*** Block opens ***

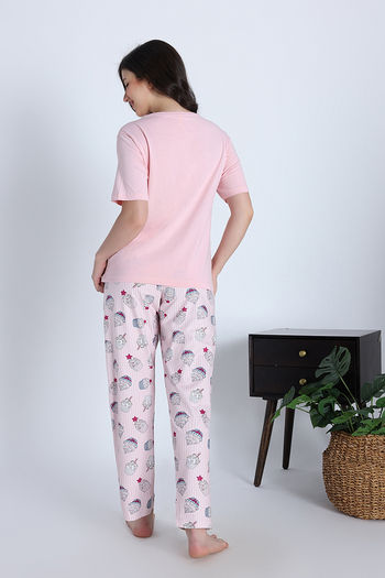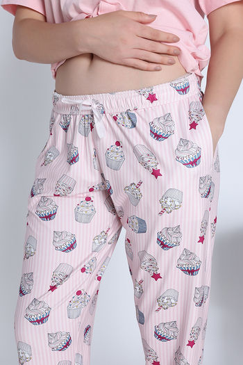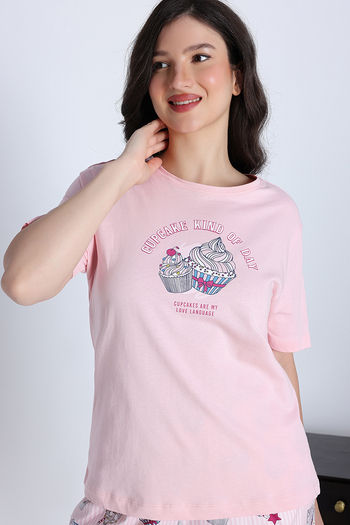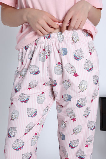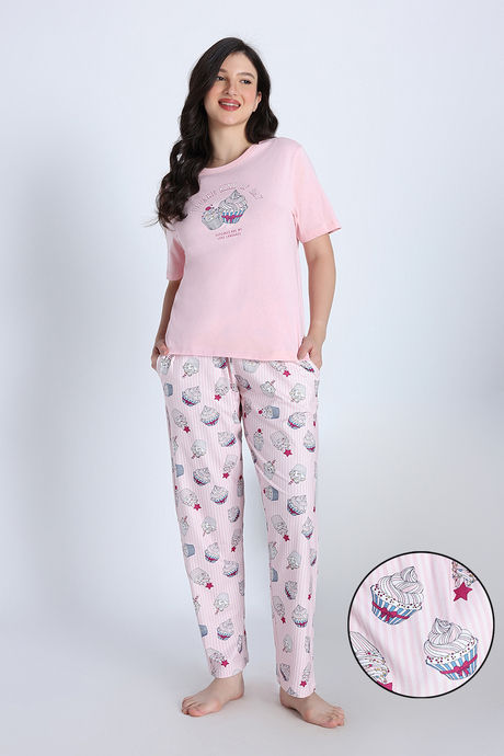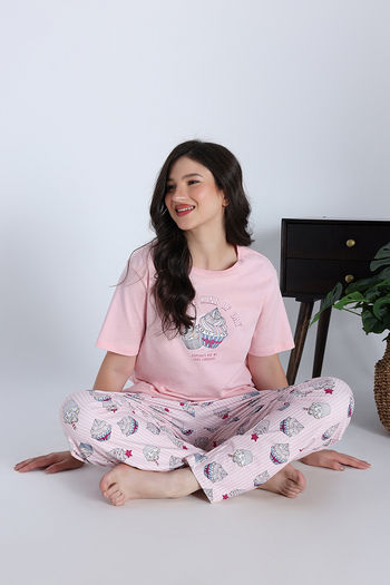 Zivame Cup Cake Knit Poly Pyjama Set - Heavenly Pink
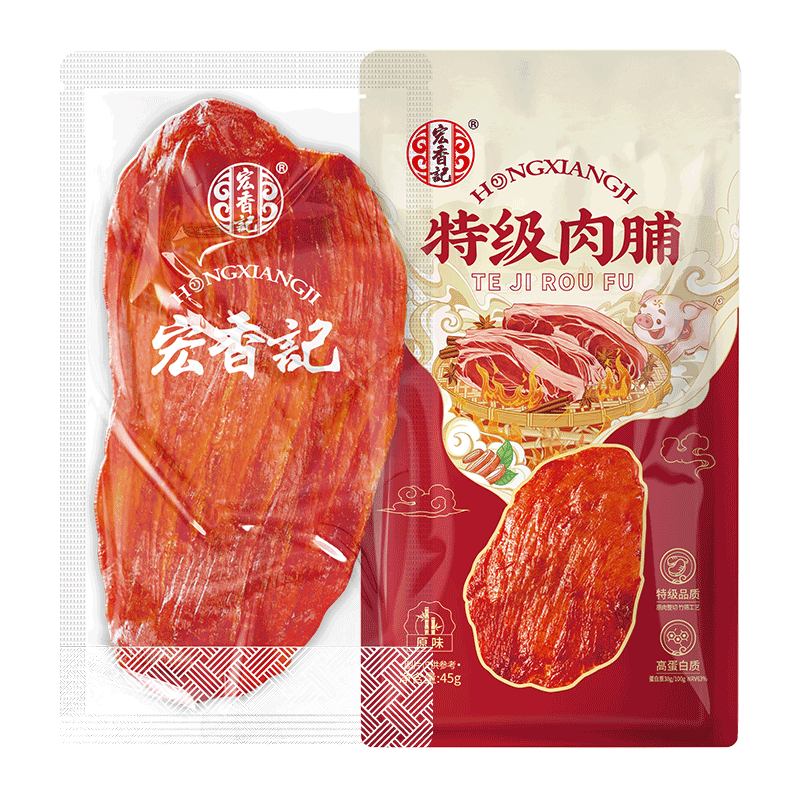 【香菇38女王节】宏香记特级猪肉脯45g,专为职场女性打造的营养零食。精选优质猪后腿肉,采用传统工艺慢火烘烤,口感紧实有嚼劲,肉香浓郁不腻。每包富含高蛋白,低脂肪,满足日常能量需求,是办公室补充体力的理想选择。独立小包装设计,方便携带,随时享受美味无负担。香菇节期间特别推出女王专享价,致敬每一位努力拼搏的职场女性。宏香记坚持无添加防腐剂,健康安全,让美味与健康兼得。无论是加班提神,还是午后小饿,这款猪肉脯都是贴心伴侣,助力你在忙碌中保持活力与自信。
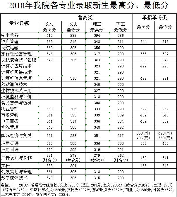 我院2010年各专业录取新生最高分和最低分
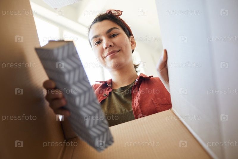 Женщина распаковывает вещи
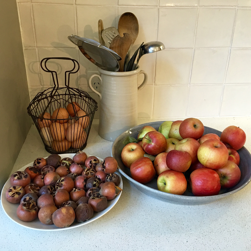 Here are some of the pink lady apples my daughter, Melaleuca picked for me. I used them to make Nigella Lawson's apple chutney. The fruit on the left are called medlars. Photo - Linda Ross
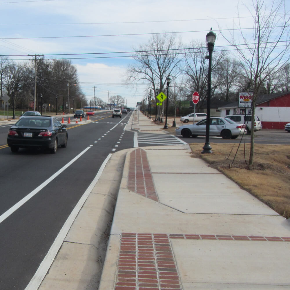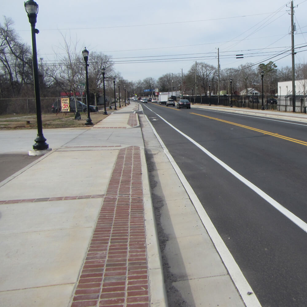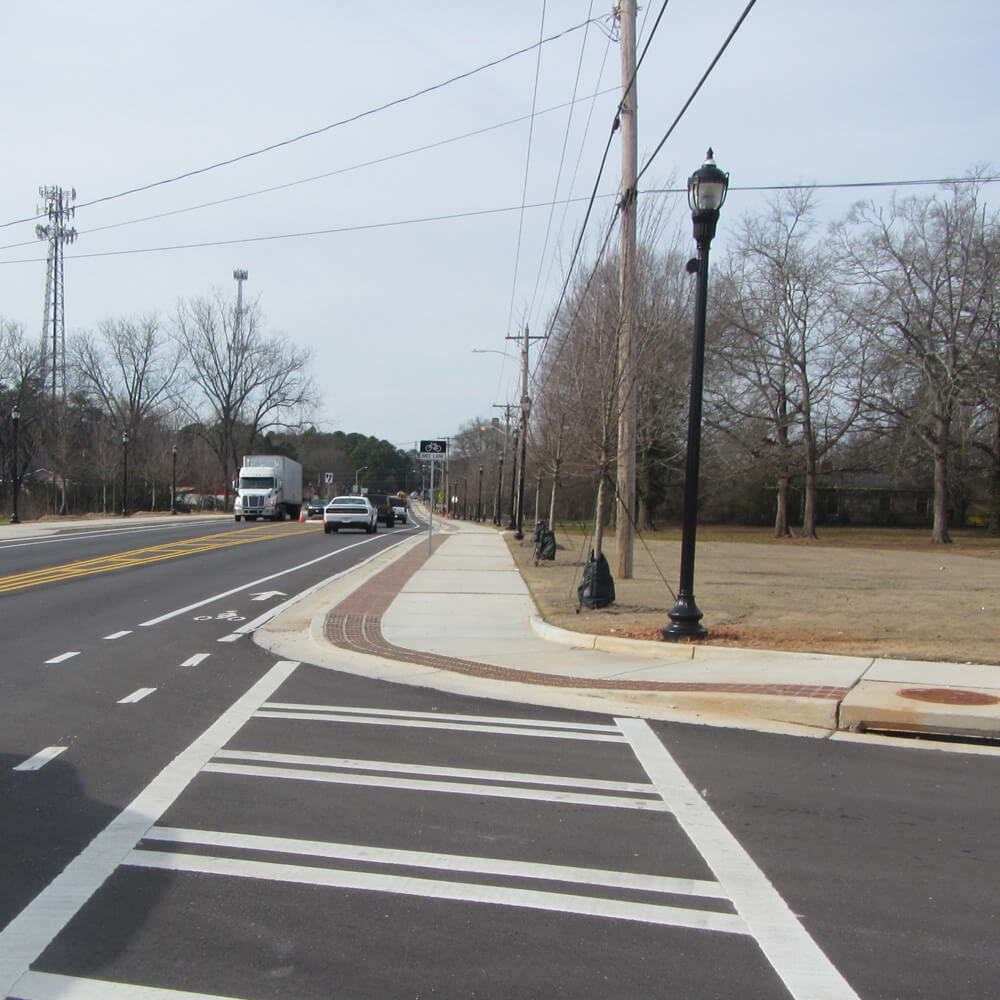 The SR 11/North Broad Street Bicycle & Pedestrian Improvements project included new or expanded sidewalks and new bicycle facilities for 0.58 miles along both sides of the North Broad Street (SR 11) from Marable Street to US 78. The pavement was re-striped to allow for bicycle lanes and wider sidewalks. In addition, the improvements included raised curbs, defined pedestrian crossings at intersections, a mid-block pedestrian crossing, shared lane and dedicated bicycle lane markings, street trees and landscaping, pedestrian scale lighting and other street furnishings, ADA-accessible curb ramps and storm sewer upgrades.
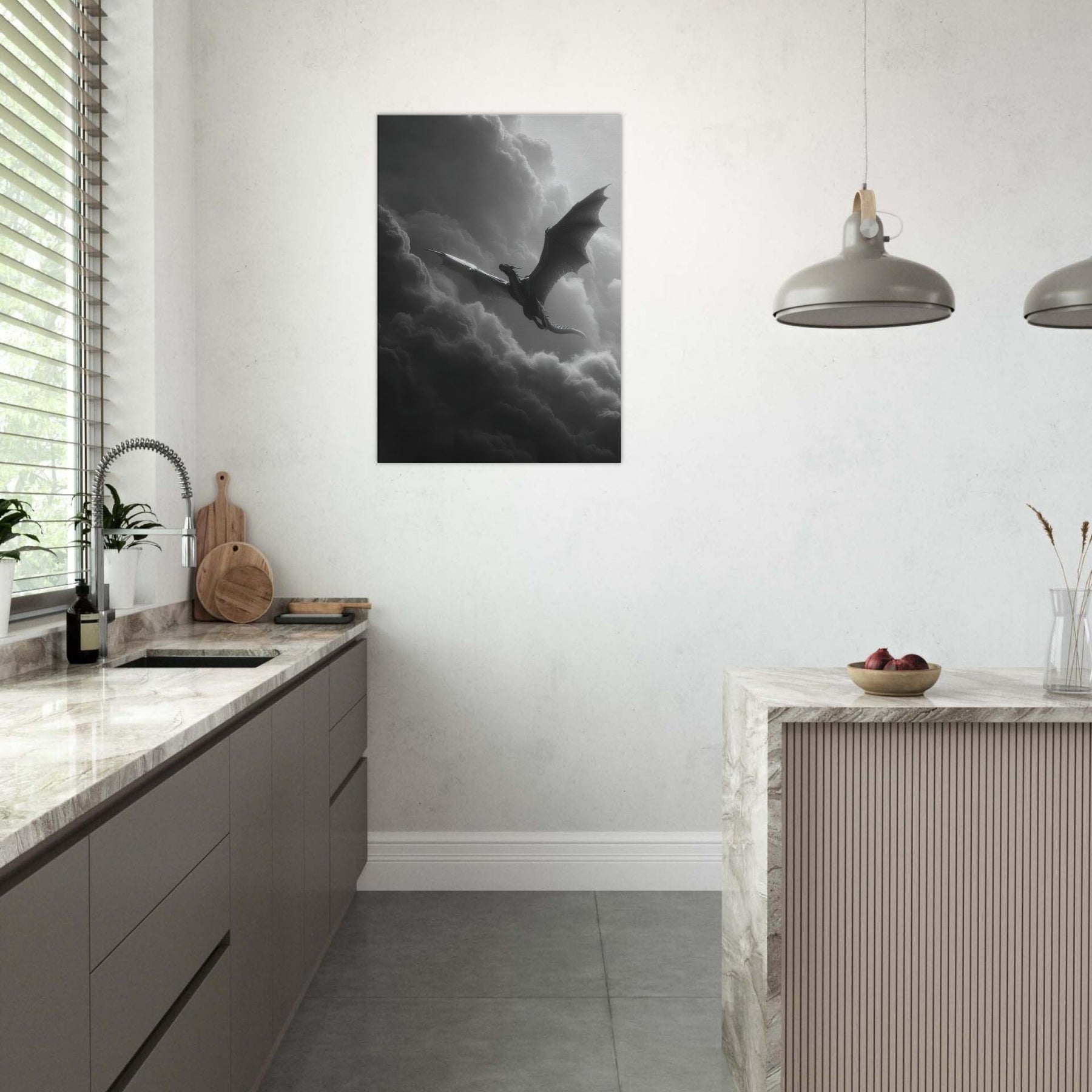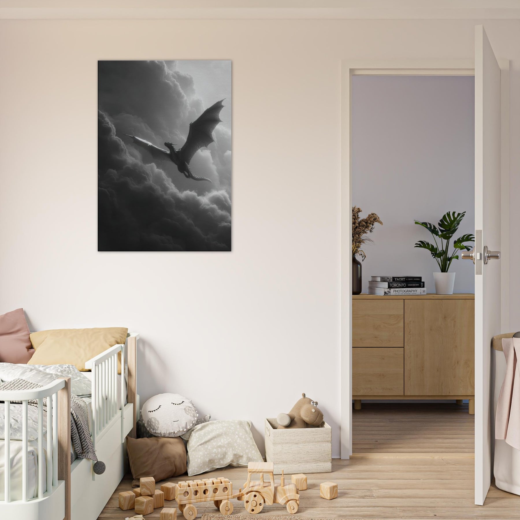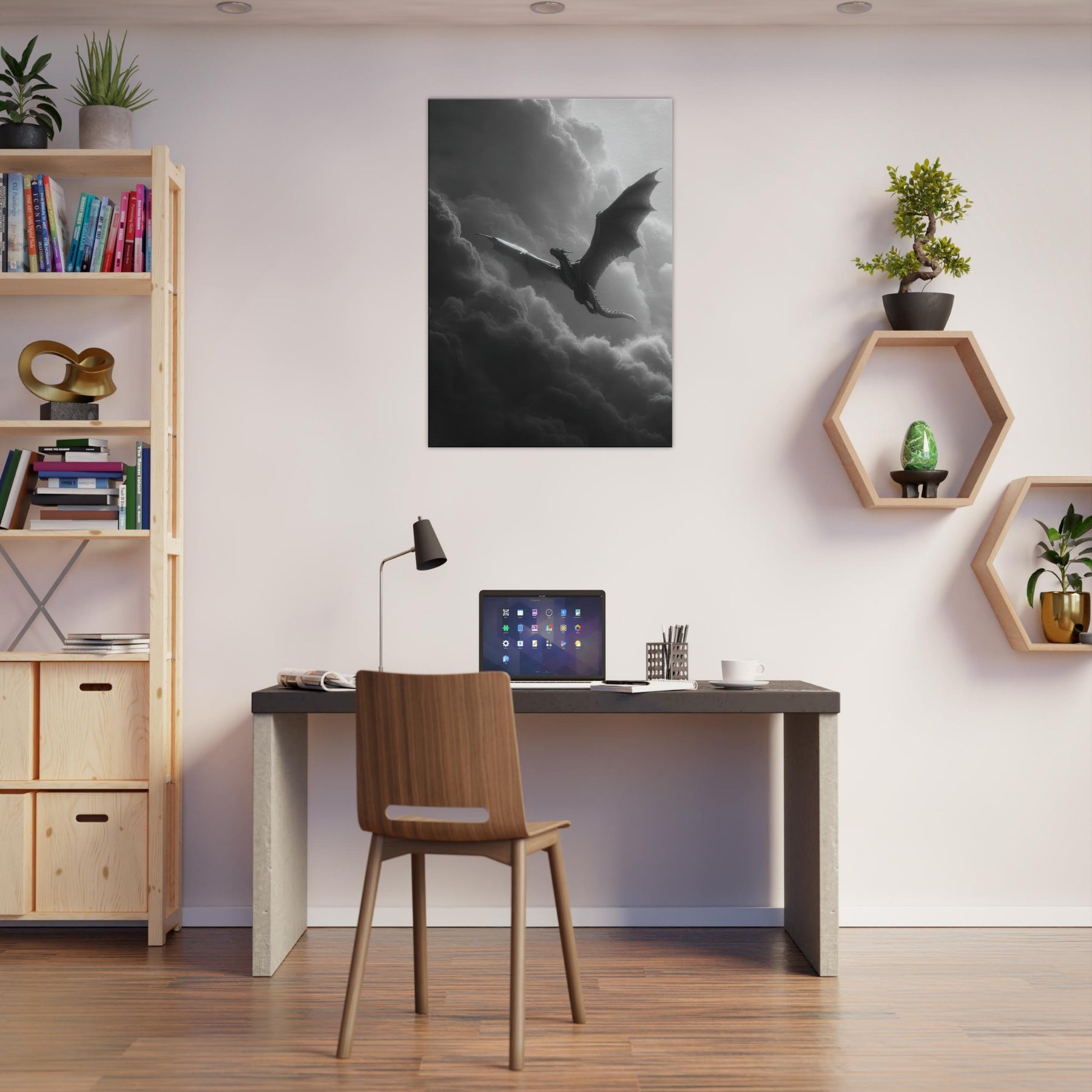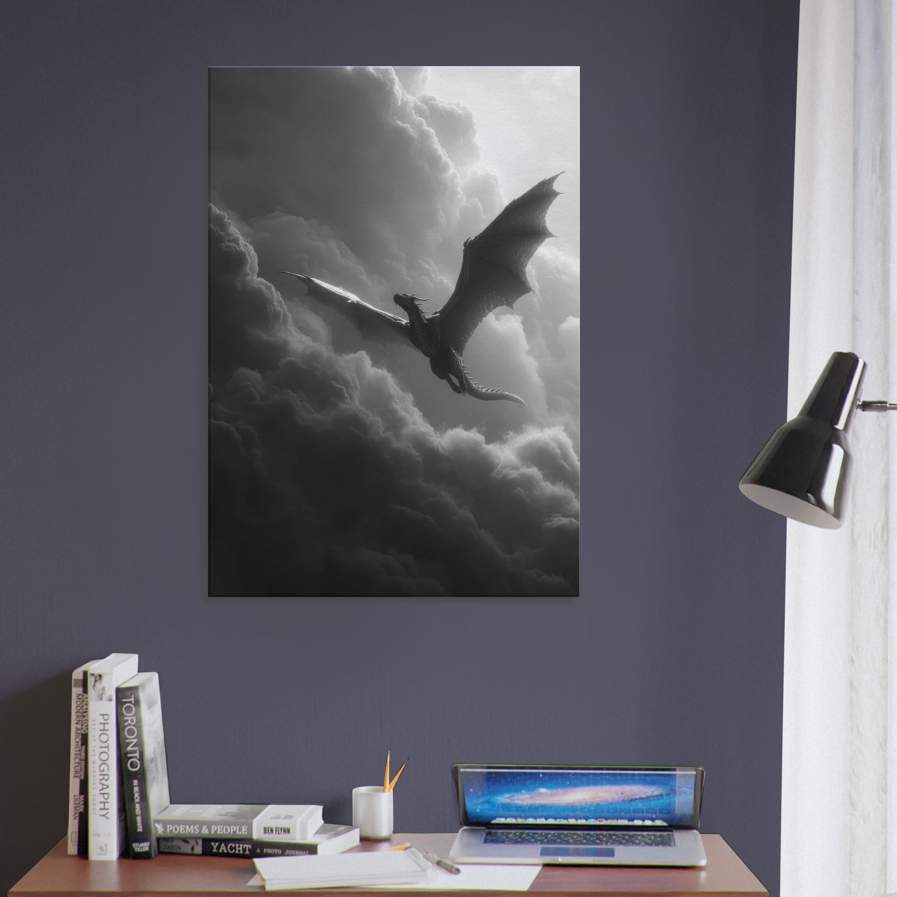 Let the Azure Dragon of the East flying through thunderous skies breathe myth into your room. In black and white, its sinewy wings carve the air, a dramatic counterpoint to soft fabrics and warm wood.

*** Block closes ***

**BRIEF:** The lines to reproduce run from the one above containing "Женщина распаковывает вещи" through the one containing "Here are some". Copy them exactly and leave out all pictures.

**ANSWER TO THIS TASK:**
 Женщина распаковывает вещи
 Here are some of the pink lady apples my daughter, Melaleuca picked for me. I used them to make Nigella Lawson's apple chutney. The fruit on the left are called medlars. Photo - Linda Ross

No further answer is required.